Setelah enam puluh enam tahun Indonesia merdeka namun kondisi masyarakat, bangsa, dan negara Indonesia masih jauh dari harapan. Kemiskinan, kebodohan, kesengsaraan, keadilan yang masih jauh panggang dari api, dan masih banyak lagi masalah masalah kebangsaan yang semakin hari semakin bertambah kusut, rumit, dan layaknya bola salju. Lebih miris pula ketika kita melihat realita Indonesia saat ini dengan kaca mata perbandingan besarnya sumber kekayaan alam Indonesia yang sangat melimpah ruah, sungguh kontraproduktif dan dapat dikonklusikan bahwa penyelenggaraan kehidupan berbangsa dan bernegara berbanding terbalik dengan modal atau sumber daya yang ada. Atau mungkin secara lebih radikal penyelenggaraan kehidupan berbangsa dan bernegara dapat dikatakan gagal secara kompeherensif.

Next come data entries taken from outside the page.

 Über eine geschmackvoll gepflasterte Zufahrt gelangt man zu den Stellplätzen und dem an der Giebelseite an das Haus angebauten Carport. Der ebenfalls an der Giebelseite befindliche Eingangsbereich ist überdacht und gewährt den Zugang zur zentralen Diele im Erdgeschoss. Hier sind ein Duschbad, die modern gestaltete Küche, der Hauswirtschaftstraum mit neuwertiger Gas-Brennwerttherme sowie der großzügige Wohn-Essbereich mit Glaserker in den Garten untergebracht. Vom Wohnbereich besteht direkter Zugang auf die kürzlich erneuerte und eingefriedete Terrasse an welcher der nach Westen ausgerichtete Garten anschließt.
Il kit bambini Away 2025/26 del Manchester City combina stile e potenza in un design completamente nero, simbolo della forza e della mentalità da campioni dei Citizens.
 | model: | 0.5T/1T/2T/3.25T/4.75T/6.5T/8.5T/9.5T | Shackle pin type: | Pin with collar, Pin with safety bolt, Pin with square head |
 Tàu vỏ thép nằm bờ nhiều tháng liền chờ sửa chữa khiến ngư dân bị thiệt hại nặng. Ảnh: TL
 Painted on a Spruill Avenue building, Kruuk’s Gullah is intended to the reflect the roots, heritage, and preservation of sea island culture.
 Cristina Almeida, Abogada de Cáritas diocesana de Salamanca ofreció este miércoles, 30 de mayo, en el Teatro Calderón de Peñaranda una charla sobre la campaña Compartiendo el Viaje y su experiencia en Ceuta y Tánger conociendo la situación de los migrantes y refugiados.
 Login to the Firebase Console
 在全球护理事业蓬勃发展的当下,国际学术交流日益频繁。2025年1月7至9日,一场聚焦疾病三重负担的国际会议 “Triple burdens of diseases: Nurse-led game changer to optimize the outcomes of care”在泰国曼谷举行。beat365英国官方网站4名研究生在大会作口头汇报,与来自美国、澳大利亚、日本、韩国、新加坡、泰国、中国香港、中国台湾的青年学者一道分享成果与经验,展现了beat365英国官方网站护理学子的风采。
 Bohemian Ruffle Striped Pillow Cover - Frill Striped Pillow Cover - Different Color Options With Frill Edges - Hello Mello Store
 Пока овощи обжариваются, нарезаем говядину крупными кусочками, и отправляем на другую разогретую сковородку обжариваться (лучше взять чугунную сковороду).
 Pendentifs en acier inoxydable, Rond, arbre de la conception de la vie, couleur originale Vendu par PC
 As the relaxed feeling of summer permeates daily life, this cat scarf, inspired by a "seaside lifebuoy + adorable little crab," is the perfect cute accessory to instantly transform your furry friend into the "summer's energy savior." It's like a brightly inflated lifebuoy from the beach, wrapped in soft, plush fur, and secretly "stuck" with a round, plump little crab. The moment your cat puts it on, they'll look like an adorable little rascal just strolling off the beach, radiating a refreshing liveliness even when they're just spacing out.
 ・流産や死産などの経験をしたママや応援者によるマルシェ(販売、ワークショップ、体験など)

Berangkat dari wacana ini kami memulai diskusi interaktif kami, sambil memanfaatkan waktu di sela-sela kesibukan berorganisasi dan berkuliah. Beberapa pandangan dari tiap-tiap pemikiran mulai diutarakan ada yang beranggapan banhwa terciptanya penyelenggaraan kehidupan berbangsa yang bobrok seperti ini tidak lain, dan tidak bukan adalah mutlak kesalahan pemimpin-pemimpin negeri ini yang jauh dari cita-cita proklamasi dan jauh dari konsepsi nilai ideal untuk jujur mensejahterakan serta memajukan bangsa. Kemudian banyak pendapat mulai bergulir terkait hal ini, namun diskusi kami tiba-tiba terfokus pada pendapat, kondisi Indonesia seperti ini tidak lepas dari kondisi para pemuda dan lebih khususnya mahasiswa yang kini sudah mulai bergeser semangat, gairah, dan energinya untuk mengisi kemerdekaan Indonesia dengan hal-hal yang prestatif, intelektuil, bermanfaat, dan kontributif. Berganti dengan era hutan rimba dengan iklim persaingan yang ketat dan siapa yang kuat maka dia berjaya, kemudian siapa yang lemah maka dia akan tertindas.
Serentak diskusi mulai bertambah seru dan panas sepertinya memang hal ini menjadi salah satu akar penting penyebab kondisi Indonesia yang jauh dari harapan seperti saat ini, selain faktor pemerintahan, dll. Ternyata setelah diamati dan ditelusuri dari berbagai sumber dan referensi, mahasiswa di zaman ini memang sudah banyak berubah entah mungkin karena terinfeksi virus budaya barat, atau hal-hal lainnya. Mahasiswa kini lebih senang kongkow-kongkow, pergi ke mall, memikirkan dirinya sendiri, pacaran, pergaulan bebas, pergi ke diskotik, atau mungkin main kartu di pojok-pojok kampus dibandingkan dengan untuk turut aktif berorganisasi, meningkatkan kualitas intelektualnya melalui membaca, menulis, diskusi, meneliti, mengkaji, atau lebih perduli terhadap orang-orang disekitarnya. Mahasiswa mulai jauh dari nilai yang disematkan kepadanya seperti bermoral, berintelektual, atau agen of change. Dan lebih pantas tergantikan dengan pragmatis, hedonis, matrealistis, anarkis, dan vandalis.
Kembali menjadi evaluasi kita bersama sebagai mahasiswa yang notabennya sebagai generasi penerus bangsa yang akan meneruskan proses mengisi kemerdekaan Indonesia menuju Indonesia yang adil, makmur, dan sejahtera berdasarkan cita-cita proklamasi dan pancasila. Mari kita mulai budayakan kembali tradisi membaca, menulis, diskusi, mengkaji, meneliti, aktif berorganisasi atau aktif perduli pada kondisi sekitar dan bergerak berkontribusi sesuai dengan bidang yang kita mampu demi terciptanya kehidupan yang damai, sejahtera, makmur, serta keluarga, masyarakat, dan Indonesia seperti cita-cita tuntunan syariat agama, proklamasi, dan reformasi.